TO DO:
Print all of the records below again without a single difference.

RAW DATA:
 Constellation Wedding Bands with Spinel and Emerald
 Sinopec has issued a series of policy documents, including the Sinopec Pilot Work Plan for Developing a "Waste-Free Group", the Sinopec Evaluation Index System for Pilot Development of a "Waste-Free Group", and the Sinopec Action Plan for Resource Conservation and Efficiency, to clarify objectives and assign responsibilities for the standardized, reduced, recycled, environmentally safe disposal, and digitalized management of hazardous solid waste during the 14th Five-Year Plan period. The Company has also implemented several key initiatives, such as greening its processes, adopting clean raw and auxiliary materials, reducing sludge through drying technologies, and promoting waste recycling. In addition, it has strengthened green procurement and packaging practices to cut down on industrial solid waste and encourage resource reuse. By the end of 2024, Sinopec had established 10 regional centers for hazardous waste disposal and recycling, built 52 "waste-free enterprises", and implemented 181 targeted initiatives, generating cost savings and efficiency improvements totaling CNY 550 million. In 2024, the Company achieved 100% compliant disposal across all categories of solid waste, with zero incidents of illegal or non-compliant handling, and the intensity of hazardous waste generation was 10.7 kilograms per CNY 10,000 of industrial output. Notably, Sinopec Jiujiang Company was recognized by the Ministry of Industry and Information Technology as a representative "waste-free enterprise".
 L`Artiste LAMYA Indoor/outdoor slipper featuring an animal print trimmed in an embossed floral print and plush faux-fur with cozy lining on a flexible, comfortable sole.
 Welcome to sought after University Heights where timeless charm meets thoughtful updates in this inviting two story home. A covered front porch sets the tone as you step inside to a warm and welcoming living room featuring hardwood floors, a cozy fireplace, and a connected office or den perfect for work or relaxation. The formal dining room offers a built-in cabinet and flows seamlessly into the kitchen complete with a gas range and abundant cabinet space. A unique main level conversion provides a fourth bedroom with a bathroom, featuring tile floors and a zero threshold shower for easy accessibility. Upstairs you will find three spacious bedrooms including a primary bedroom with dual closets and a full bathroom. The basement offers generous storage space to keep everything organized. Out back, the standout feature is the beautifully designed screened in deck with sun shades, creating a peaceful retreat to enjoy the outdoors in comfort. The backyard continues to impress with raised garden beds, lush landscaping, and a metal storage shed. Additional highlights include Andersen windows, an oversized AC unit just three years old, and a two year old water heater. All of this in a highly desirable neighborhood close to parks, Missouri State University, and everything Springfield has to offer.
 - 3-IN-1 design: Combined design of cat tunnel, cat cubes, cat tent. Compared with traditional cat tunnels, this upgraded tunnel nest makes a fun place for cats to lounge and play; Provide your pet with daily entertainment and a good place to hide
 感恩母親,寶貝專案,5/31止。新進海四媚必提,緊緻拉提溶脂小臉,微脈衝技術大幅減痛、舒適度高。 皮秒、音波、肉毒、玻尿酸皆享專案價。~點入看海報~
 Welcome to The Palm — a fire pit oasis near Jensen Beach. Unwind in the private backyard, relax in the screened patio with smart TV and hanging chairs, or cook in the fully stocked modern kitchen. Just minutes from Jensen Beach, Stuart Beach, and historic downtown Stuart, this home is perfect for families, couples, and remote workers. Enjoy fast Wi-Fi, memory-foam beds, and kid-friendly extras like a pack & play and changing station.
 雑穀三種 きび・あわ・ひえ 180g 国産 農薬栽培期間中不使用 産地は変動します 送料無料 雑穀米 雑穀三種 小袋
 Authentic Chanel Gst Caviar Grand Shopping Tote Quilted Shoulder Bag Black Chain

YOUR RESPONSE:
 Constellation Wedding Bands with Spinel and Emerald
 Sinopec has issued a series of policy documents, including the Sinopec Pilot Work Plan for Developing a "Waste-Free Group", the Sinopec Evaluation Index System for Pilot Development of a "Waste-Free Group", and the Sinopec Action Plan for Resource Conservation and Efficiency, to clarify objectives and assign responsibilities for the standardized, reduced, recycled, environmentally safe disposal, and digitalized management of hazardous solid waste during the 14th Five-Year Plan period. The Company has also implemented several key initiatives, such as greening its processes, adopting clean raw and auxiliary materials, reducing sludge through drying technologies, and promoting waste recycling. In addition, it has strengthened green procurement and packaging practices to cut down on industrial solid waste and encourage resource reuse. By the end of 2024, Sinopec had established 10 regional centers for hazardous waste disposal and recycling, built 52 "waste-free enterprises", and implemented 181 targeted initiatives, generating cost savings and efficiency improvements totaling CNY 550 million. In 2024, the Company achieved 100% compliant disposal across all categories of solid waste, with zero incidents of illegal or non-compliant handling, and the intensity of hazardous waste generation was 10.7 kilograms per CNY 10,000 of industrial output. Notably, Sinopec Jiujiang Company was recognized by the Ministry of Industry and Information Technology as a representative "waste-free enterprise".
 L`Artiste LAMYA Indoor/outdoor slipper featuring an animal print trimmed in an embossed floral print and plush faux-fur with cozy lining on a flexible, comfortable sole.
 Welcome to sought after University Heights where timeless charm meets thoughtful updates in this inviting two story home. A covered front porch sets the tone as you step inside to a warm and welcoming living room featuring hardwood floors, a cozy fireplace, and a connected office or den perfect for work or relaxation. The formal dining room offers a built-in cabinet and flows seamlessly into the kitchen complete with a gas range and abundant cabinet space. A unique main level conversion provides a fourth bedroom with a bathroom, featuring tile floors and a zero threshold shower for easy accessibility. Upstairs you will find three spacious bedrooms including a primary bedroom with dual closets and a full bathroom. The basement offers generous storage space to keep everything organized. Out back, the standout feature is the beautifully designed screened in deck with sun shades, creating a peaceful retreat to enjoy the outdoors in comfort. The backyard continues to impress with raised garden beds, lush landscaping, and a metal storage shed. Additional highlights include Andersen windows, an oversized AC unit just three years old, and a two year old water heater. All of this in a highly desirable neighborhood close to parks, Missouri State University, and everything Springfield has to offer.
 - 3-IN-1 design: Combined design of cat tunnel, cat cubes, cat tent. Compared with traditional cat tunnels, this upgraded tunnel nest makes a fun place for cats to lounge and play; Provide your pet with daily entertainment and a good place to hide
 感恩母親,寶貝專案,5/31止。新進海四媚必提,緊緻拉提溶脂小臉,微脈衝技術大幅減痛、舒適度高。 皮秒、音波、肉毒、玻尿酸皆享專案價。~點入看海報~
 Welcome to The Palm — a fire pit oasis near Jensen Beach. Unwind in the private backyard, relax in the screened patio with smart TV and hanging chairs, or cook in the fully stocked modern kitchen. Just minutes from Jensen Beach, Stuart Beach, and historic downtown Stuart, this home is perfect for families, couples, and remote workers. Enjoy fast Wi-Fi, memory-foam beds, and kid-friendly extras like a pack & play and changing station.
 雑穀三種 きび・あわ・ひえ 180g 国産 農薬栽培期間中不使用 産地は変動します 送料無料 雑穀米 雑穀三種 小袋
 Authentic Chanel Gst Caviar Grand Shopping Tote Quilted Shoulder Bag Black Chain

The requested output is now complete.